▪ Wall Street en était convaincu, la plupart des spécialistes des marchés obligataires également : le problème du shutdown aurait dû être résolu au cours du week-end.
L’occasion semblait belle d’offrir aux marchés le prétexte d’une entame de semaine en « boulet de canon ». Après tout, le début de la semaine précédente avait été plombé par la crainte — avérée — que le jusqu’auboutisme de certains ultra-libéraux de l’aile droite du clan républicain déboucherait sur la mise au chômage de près d’un million de fonctionnaires et de civils sous contrat avec le Pentagone.
Il s’agit de l’avis général d’une classique querelle politicienne où chacun cherche à coller à l’image qu’il renvoie à son électorat. Warren Buffett estime que le Congrès US ira au bout de l’idiotie mais ne franchira pas la ligne rouge de la situation de défaut… car personne ne le souhaite et personne n’y a intérêt.
Un pas de plus dans « l’idiotie » a donc été franchi depuis vendredi et le consensus optimiste semble démenti… Cependant, de nombreux fonctionnaires ont motif à se montrer satisfaits de la tournure prise par les évènements ces dernières 24 heures.
Certaines finesses des règles de fonctionnement de l’Etat américain autorisent en effet le président à ordonner la remise au travail — et donc le paiement — d’un certain nombre de salariés des administrations centrales (aucun ordre de grandeur n’est spécifié). Cela afin d’écarter tout risque de défaillances dans la sécurité du pays et dysfonctionnements économiques majeurs.
▪ Il y a défaut… et défaut
Les médias commencent à distiller certaines informations donnant à penser qu’il existe des « poches budgétaires » plus ou moins discrètes permettant d’adoucir les conséquences financières d’un shutdown. Ils sous-entendent également qu’un défaut partiel des Etats-Unis pourrait être « organisé » — de façon à ce que les créanciers non-résidents ainsi que les banques détentrices de T-Bonds ne soient pas touchées.
On comprend ainsi qu’il existe des marges de manoeuvre, des possibilités d’arrangements qui transformeraient certaines catégories de créanciers en « super-seniors » (prioritaires) tandis que d’autres seront priés d’attendre leur tour (fonds de retraites américains, collectivités locales…).
Délestés de ces petits soucis d’intendance en matière de paiement de la dette fédérale, les marchés vont pouvoir se concentrer sur les premières publications de résultats trimestriels.
Là, nous sommes à peu près certain que tout va bien se passer. Cela fait deux ou trois semaines que la plupart des entreprises du S&P 500 qui communiquent sur leur activité s’appliquent à mettre en garde les investisseurs contre des projections trop optimistes. Par ailleurs, elles révisent souvent à la baisse leurs estimations de chiffre d’affaire au troisième trimestre (Alcoa, Procter & Gamble, Unilever, Wal-Mart…).

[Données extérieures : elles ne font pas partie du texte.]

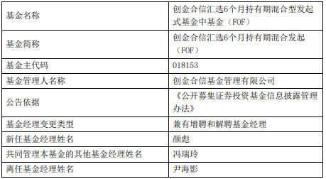 创金合信汇选6个月持有期混合增聘基金经理颜彪
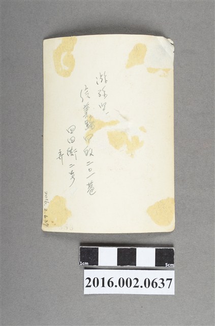 背面寫有"游彌堅 信義路四段201巷44街2號 弄"。游彌堅為戰後初期重要政治人物,為戰後初期臺北市長,同時也是教育體育界聞人。
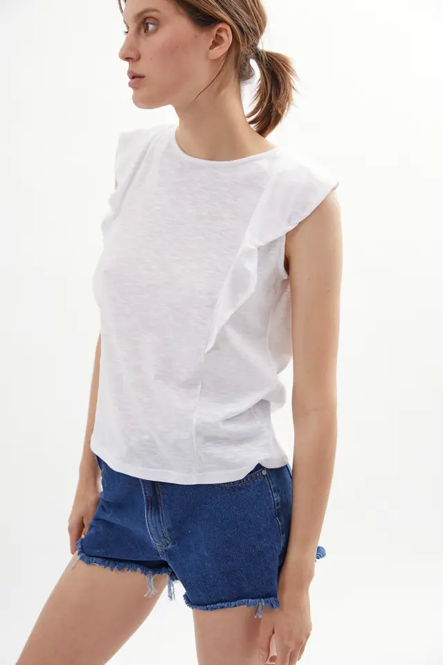 Remera fabricada en genero de punto, algodón flamé 60% algodón 40% poliester. De silueta regulat fit (cuadrada que no se ajusta al cuerpo), esta remera cuenta con volados de la misma tela, que a su vez, funcionan como mangas para tapar el hombro. Cuello redondeado. Largo total de la Subinforme Curva de Talles y Cantidades prenda de hombro a ruedo:
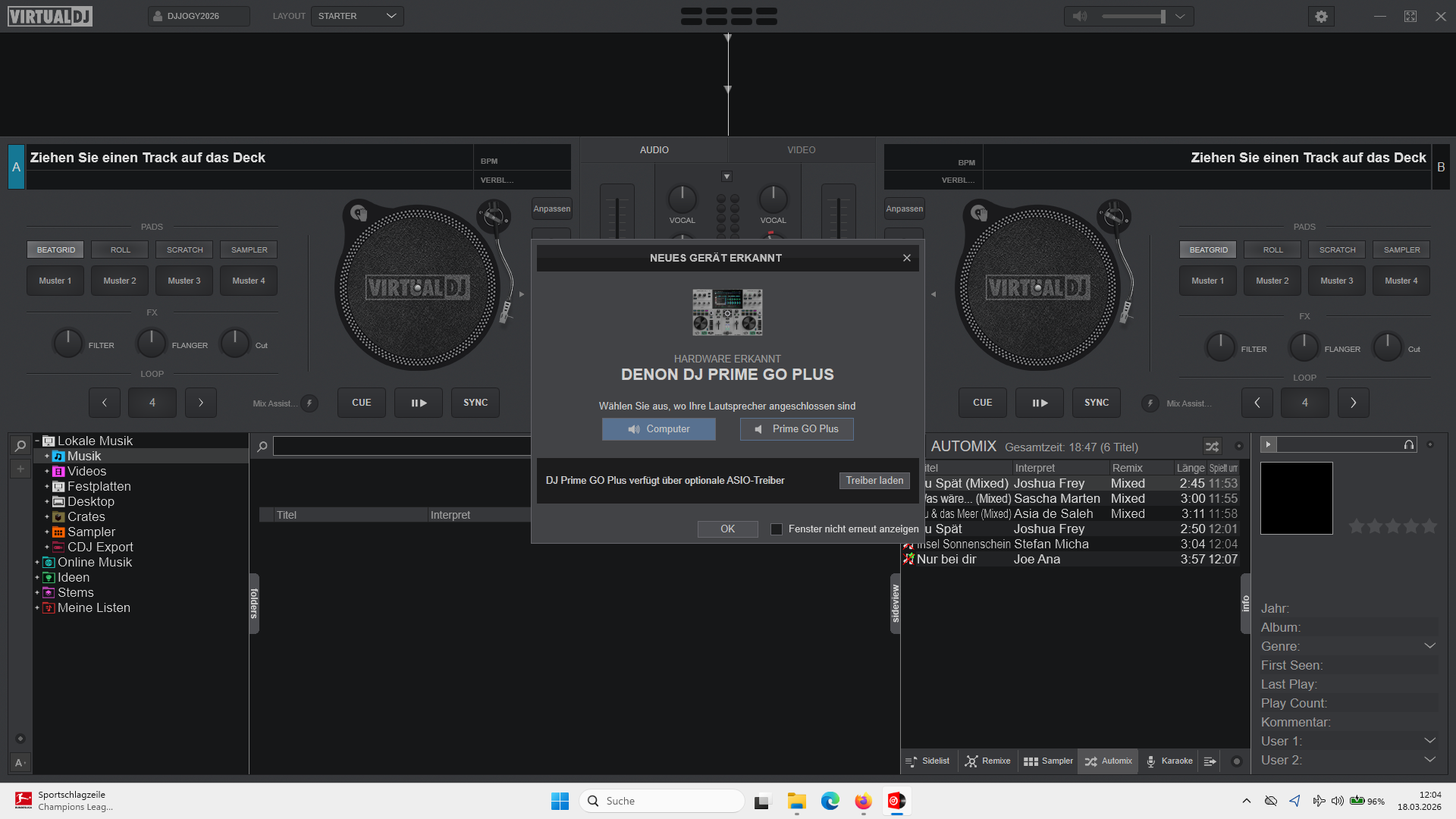 Ich habe gestern nochmal den Rechner mit VDJ an meinen Denon MC6000 MK II angeschlossen, da funktioniert alles einwandfrei. hatte nur mit Serato Pro vor ein paar Tagen Probleme bei einer Mugge. Wenn ds kleine Fenstwer werscheint von VDJ kann ich den Button rechts Denon Prime nicht anklicken. Wenn ich den Prime in den Computer Modus versetze, laufen nur ein paar Punkte ab und drunter steht STANDALONE. Mehr passiewrt sda nicht. Ich glaube, ich hatte es mal soweit, das VDJ lief und ich nur über den Master die Lautstärke regeln konnte. So war es vor ein paar Tagen mit Serato pro passiert.

▪ Wall Street reprend le refrain bien connu
Puisque les marchés sont prévenus et que plus personne ne s’attend à une hausse des bénéfices… attendons-nous à ce que les analystes et les médias nous jouent en boucle le grand air du « c’est moins pire que prévu ».
Ce genre d’anticipation entretient le sentiment d’invulnérabilité de Wall Street, des gérants et des suiveurs (acheteurs uniquement par opportunisme car convaincus que les cours n’ont guère de lien avec le contexte micro- ou macro-économique).
Grâce à cette confiance retrouvée vendredi, la tradition qui veut que les indices américains clôturent en hausse à la veille du week-end a enfin été respectée après une parenthèse de deux semaines.
Le Dow Jones a repris 0,5% sur les -0,9% perdus jeudi. Le S&P 500 en est à +0,75% sur 0,90% et le Nasdaq +0,9% après -1,10% — ce qui le replace à 0,25% de son meilleur niveau de clôture depuis 13 ans.
Comme Wall Street s’y attendait, aucun chiffre relatif à l’emploi n’a été publié du fait du chômage technique imposé à certains services chargés de les diffuser. Nous pouvons juste faire état d’une estimation de certains médias qui tourne autour de 158 000 nouveaux postes. Ce chiffre colle au plus près à l’estimation du cabinet ADP 48 heures auparavant : il anticipait 166 000 créations dans le secteur privé dont environ 40% dans la distribution… et ce n’est ni du plein temps, ni des emplois bien payés : pas de quoi pavoiser !
Mais la « modération salariale » (comprendre des embauches à temps partiel qui payent des clopinettes) fait également partie des signes positifs. Après tout, c’est bon pour les marges des entreprises et cela muselle l’inflation, d’où la poursuite ad vitam du QE3.